Assignment - Write out exactly the lines from the one with "Bu kısımda IP" through the last line of the data below, but not the pictures.

Given data -
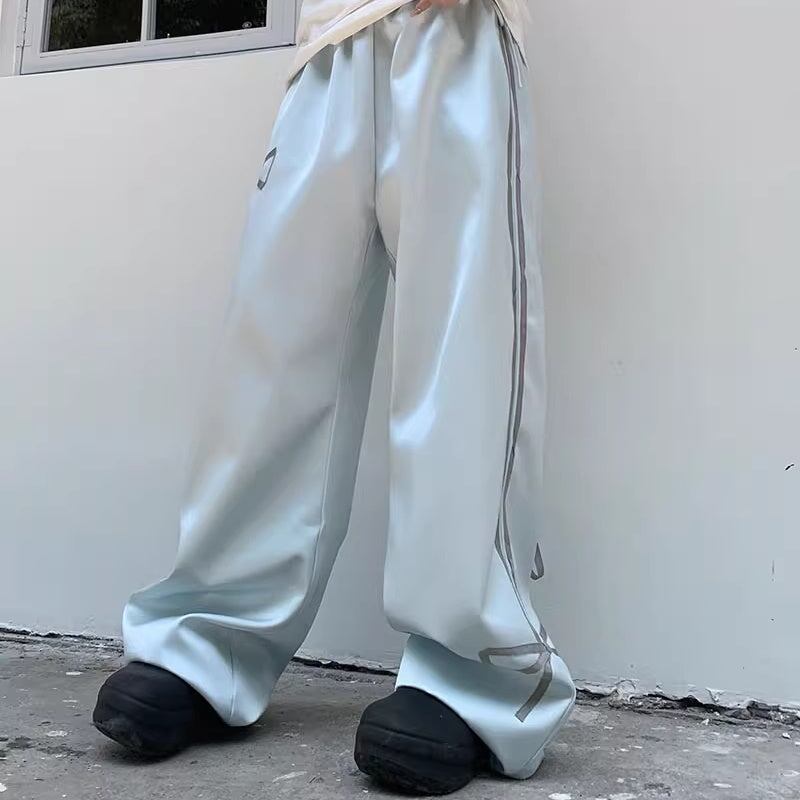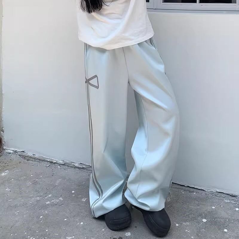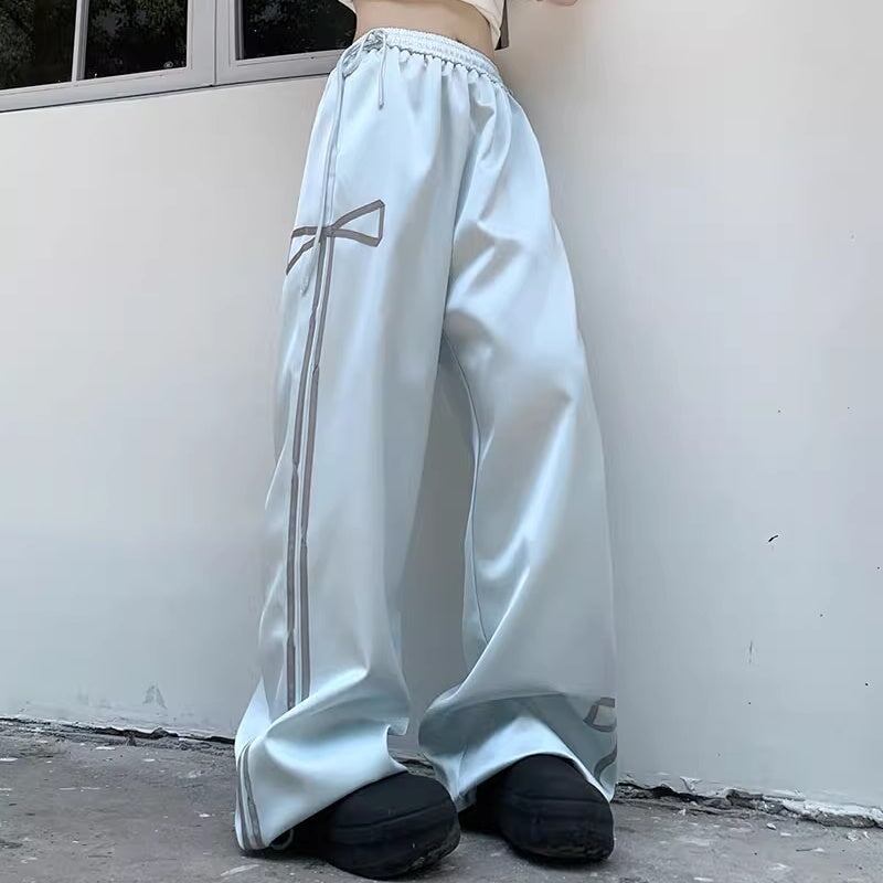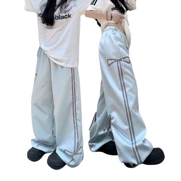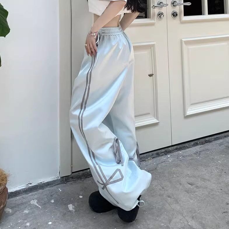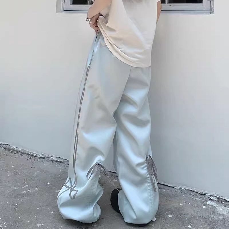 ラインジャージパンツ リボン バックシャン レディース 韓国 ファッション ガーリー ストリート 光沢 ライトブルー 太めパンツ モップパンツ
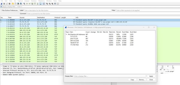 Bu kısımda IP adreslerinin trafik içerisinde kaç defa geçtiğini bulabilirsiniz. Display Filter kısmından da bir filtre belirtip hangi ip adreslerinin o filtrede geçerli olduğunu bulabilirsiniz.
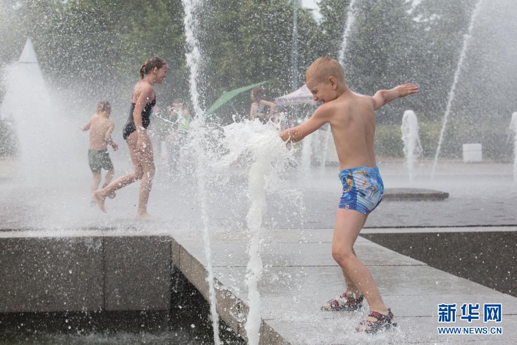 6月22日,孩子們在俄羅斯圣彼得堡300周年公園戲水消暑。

Completed exercise -
 Bu kısımda IP adreslerinin trafik içerisinde kaç defa geçtiğini bulabilirsiniz. Display Filter kısmından da bir filtre belirtip hangi ip adreslerinin o filtrede geçerli olduğunu bulabilirsiniz.
 6月22日,孩子們在俄羅斯圣彼得堡300周年公園戲水消暑。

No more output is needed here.